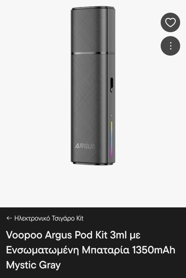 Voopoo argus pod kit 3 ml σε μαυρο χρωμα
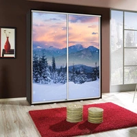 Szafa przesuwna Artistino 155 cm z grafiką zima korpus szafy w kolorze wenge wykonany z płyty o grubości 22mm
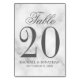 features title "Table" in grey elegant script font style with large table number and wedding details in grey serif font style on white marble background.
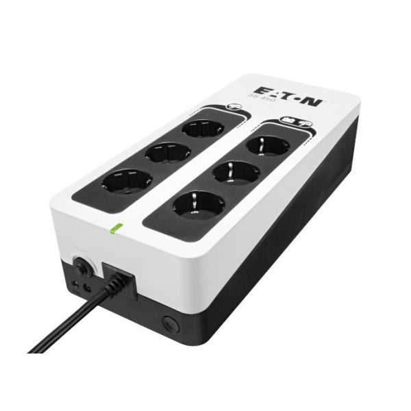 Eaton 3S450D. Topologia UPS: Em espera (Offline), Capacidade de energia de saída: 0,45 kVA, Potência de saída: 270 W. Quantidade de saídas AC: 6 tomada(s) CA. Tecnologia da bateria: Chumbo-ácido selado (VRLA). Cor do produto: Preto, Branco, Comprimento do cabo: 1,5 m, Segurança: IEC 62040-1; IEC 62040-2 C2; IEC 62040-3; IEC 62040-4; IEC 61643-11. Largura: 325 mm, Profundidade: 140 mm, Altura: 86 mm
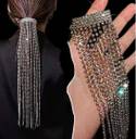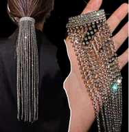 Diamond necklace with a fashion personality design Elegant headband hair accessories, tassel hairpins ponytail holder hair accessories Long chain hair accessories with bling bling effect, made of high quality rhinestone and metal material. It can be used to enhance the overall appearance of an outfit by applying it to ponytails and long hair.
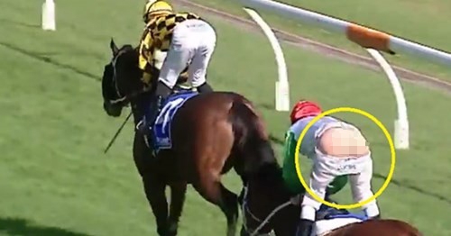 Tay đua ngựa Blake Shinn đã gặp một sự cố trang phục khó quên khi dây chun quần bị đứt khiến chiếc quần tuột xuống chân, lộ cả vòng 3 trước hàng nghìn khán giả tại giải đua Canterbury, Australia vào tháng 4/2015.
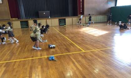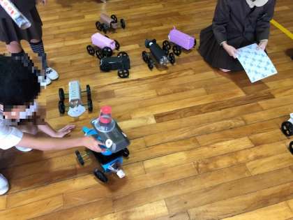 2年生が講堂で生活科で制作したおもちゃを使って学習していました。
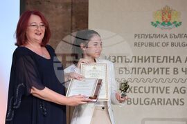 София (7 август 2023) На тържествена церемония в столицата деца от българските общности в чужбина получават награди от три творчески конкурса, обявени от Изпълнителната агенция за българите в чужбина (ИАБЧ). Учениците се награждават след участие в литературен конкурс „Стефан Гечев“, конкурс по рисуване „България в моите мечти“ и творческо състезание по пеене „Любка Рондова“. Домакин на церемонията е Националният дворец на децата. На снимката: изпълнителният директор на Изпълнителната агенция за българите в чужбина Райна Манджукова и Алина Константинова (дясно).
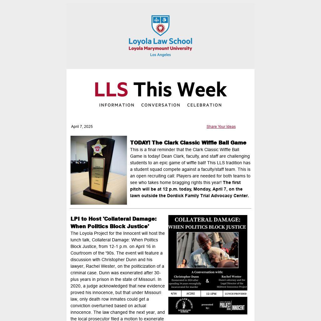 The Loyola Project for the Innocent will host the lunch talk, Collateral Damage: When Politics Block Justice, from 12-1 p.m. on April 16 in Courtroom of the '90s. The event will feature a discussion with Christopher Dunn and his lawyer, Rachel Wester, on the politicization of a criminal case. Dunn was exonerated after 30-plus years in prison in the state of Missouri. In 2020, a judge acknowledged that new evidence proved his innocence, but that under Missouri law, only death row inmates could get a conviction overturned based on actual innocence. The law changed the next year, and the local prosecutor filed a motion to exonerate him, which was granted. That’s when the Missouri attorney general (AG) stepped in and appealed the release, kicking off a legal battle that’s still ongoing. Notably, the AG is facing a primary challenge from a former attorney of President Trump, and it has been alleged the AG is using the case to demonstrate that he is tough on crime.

☆ ☆ ☆

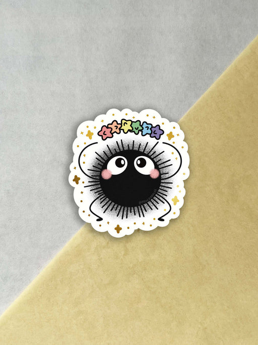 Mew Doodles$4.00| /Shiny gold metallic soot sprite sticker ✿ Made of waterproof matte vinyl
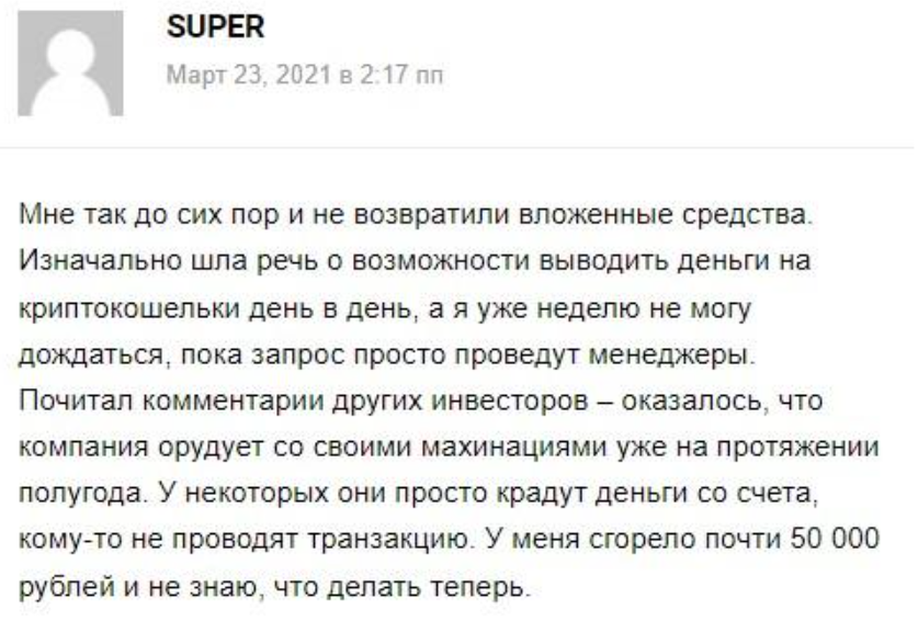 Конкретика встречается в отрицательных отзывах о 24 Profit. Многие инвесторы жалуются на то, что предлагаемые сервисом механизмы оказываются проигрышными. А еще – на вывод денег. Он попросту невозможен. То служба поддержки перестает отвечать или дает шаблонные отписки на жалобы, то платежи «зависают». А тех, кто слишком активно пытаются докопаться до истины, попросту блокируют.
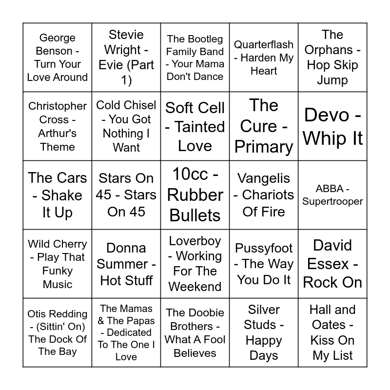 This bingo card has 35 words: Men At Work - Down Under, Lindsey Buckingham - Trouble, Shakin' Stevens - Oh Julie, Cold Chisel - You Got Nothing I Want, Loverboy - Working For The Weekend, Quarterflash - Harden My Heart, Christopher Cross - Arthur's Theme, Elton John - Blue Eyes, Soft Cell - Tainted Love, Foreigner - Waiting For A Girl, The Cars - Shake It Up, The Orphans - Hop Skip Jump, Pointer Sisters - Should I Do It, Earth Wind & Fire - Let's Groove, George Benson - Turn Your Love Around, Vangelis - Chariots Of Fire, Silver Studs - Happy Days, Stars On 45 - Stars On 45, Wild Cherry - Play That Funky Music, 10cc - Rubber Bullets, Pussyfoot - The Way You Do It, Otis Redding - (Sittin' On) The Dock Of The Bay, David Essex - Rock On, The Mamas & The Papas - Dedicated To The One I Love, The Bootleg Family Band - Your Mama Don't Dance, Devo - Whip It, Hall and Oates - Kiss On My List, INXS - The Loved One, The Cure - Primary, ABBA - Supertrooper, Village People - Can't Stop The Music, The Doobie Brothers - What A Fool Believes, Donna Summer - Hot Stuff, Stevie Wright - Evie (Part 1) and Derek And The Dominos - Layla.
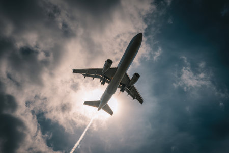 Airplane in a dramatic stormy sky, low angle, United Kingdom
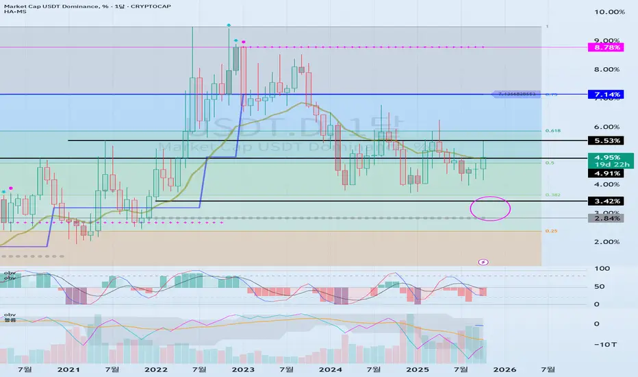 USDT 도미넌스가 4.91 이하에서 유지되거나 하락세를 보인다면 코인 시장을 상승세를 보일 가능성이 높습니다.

☆ ☆ ☆

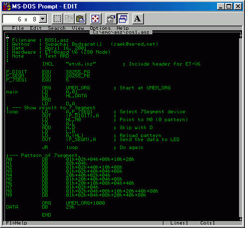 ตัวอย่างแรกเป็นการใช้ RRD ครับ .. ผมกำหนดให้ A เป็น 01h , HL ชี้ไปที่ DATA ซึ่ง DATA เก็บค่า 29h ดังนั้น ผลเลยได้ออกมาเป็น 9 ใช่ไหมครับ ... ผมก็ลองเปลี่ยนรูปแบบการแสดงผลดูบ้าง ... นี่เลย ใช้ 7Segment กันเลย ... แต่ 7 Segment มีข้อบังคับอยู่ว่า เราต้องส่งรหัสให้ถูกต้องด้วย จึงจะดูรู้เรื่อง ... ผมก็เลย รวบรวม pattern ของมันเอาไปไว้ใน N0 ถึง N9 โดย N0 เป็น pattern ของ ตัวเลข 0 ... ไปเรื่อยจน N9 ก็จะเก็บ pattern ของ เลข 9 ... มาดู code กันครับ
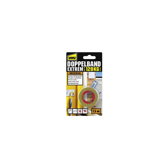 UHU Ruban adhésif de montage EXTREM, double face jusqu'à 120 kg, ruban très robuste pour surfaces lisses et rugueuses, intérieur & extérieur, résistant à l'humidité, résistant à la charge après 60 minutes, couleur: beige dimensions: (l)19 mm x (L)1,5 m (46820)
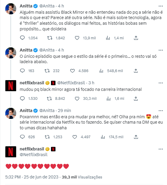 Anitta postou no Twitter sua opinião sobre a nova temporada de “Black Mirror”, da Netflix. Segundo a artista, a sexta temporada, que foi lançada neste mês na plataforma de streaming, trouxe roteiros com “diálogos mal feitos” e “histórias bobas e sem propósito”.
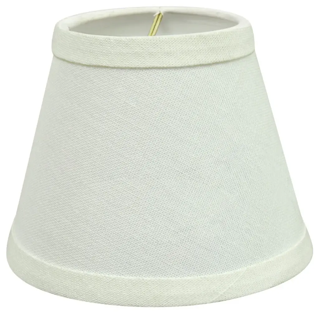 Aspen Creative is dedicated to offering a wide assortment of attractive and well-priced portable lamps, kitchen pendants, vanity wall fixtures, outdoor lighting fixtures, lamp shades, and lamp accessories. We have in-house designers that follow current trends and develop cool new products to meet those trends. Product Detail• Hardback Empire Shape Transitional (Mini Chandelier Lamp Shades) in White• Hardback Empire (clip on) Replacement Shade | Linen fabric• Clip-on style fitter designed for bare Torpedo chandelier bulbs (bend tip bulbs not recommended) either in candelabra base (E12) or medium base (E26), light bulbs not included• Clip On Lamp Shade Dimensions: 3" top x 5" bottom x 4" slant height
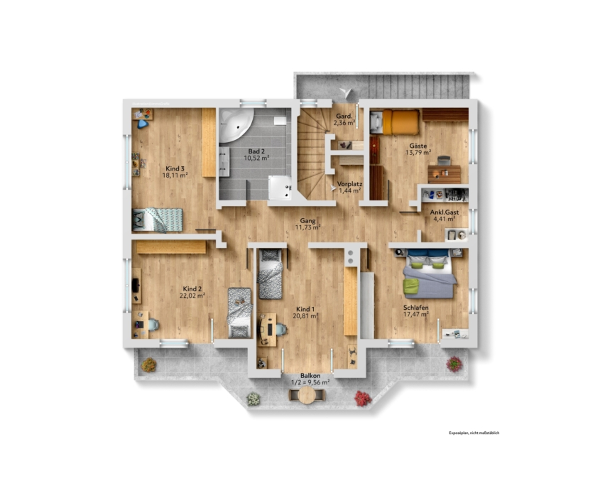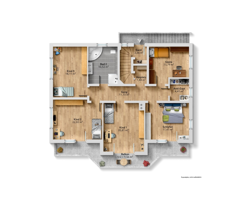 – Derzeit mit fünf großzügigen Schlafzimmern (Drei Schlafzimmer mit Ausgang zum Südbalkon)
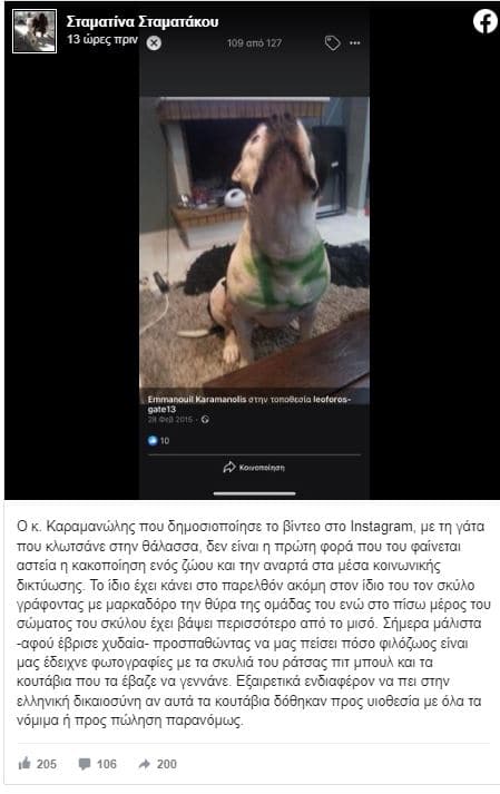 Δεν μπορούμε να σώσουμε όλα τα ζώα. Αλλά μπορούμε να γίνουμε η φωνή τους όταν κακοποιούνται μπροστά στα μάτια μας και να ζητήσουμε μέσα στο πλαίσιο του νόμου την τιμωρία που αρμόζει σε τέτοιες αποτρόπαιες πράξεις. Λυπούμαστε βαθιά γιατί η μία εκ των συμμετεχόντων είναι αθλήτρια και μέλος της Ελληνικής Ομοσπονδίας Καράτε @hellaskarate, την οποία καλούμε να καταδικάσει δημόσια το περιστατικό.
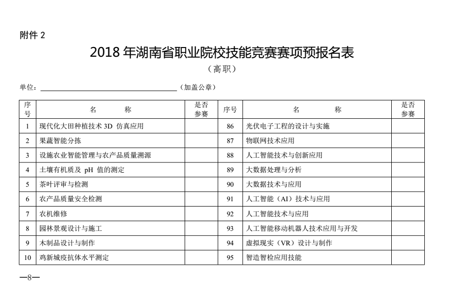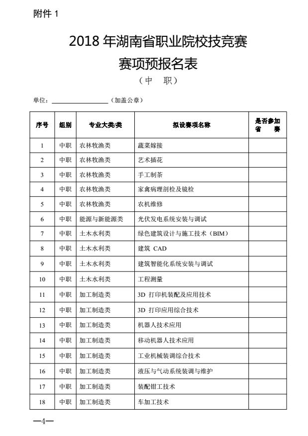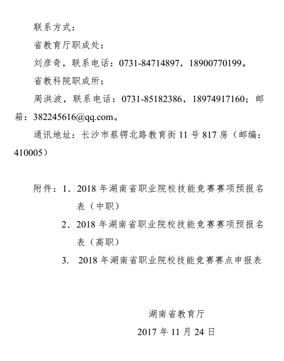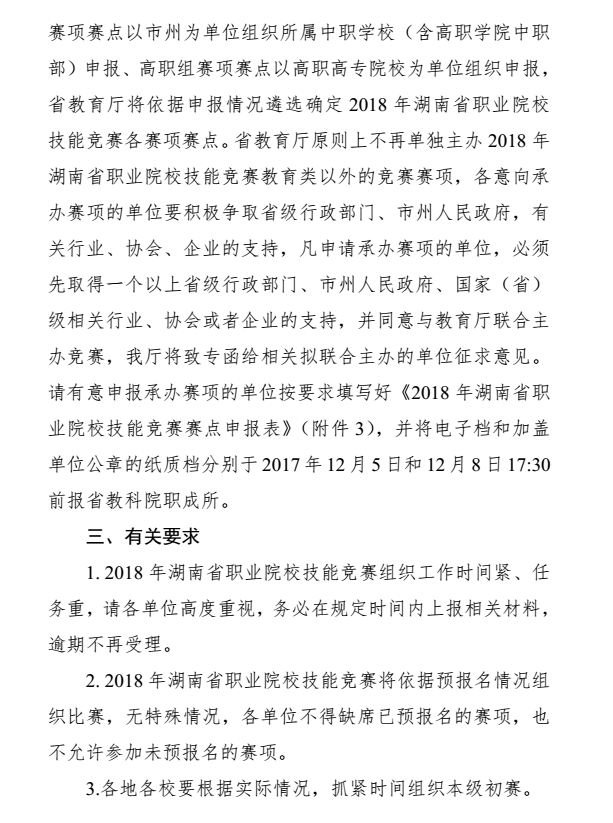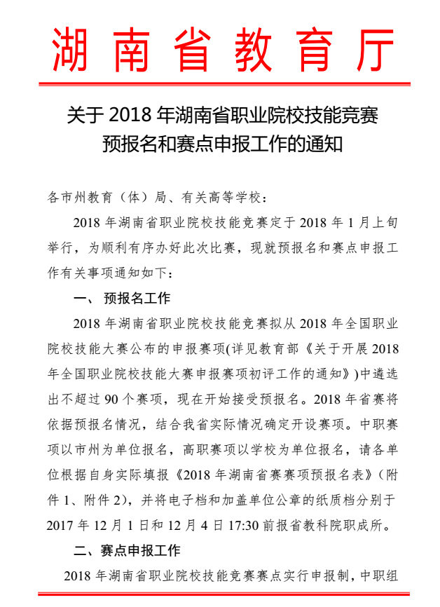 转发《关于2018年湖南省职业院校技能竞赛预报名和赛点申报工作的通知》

☆ ☆ ☆

Work to complete >> With pictures omitted, repeat the entries above word for word from the line holding "Voopoo argus pod kit 3 ml σε μαυρο χρωμα" down to the line holding "Szafa przesuwna Artistino", keeping both of those lines.

Response to this task >>
 Voopoo argus pod kit 3 ml σε μαυρο χρωμα
 Szafa przesuwna Artistino 155 cm z grafiką zima korpus szafy w kolorze wenge wykonany z płyty o grubości 22mm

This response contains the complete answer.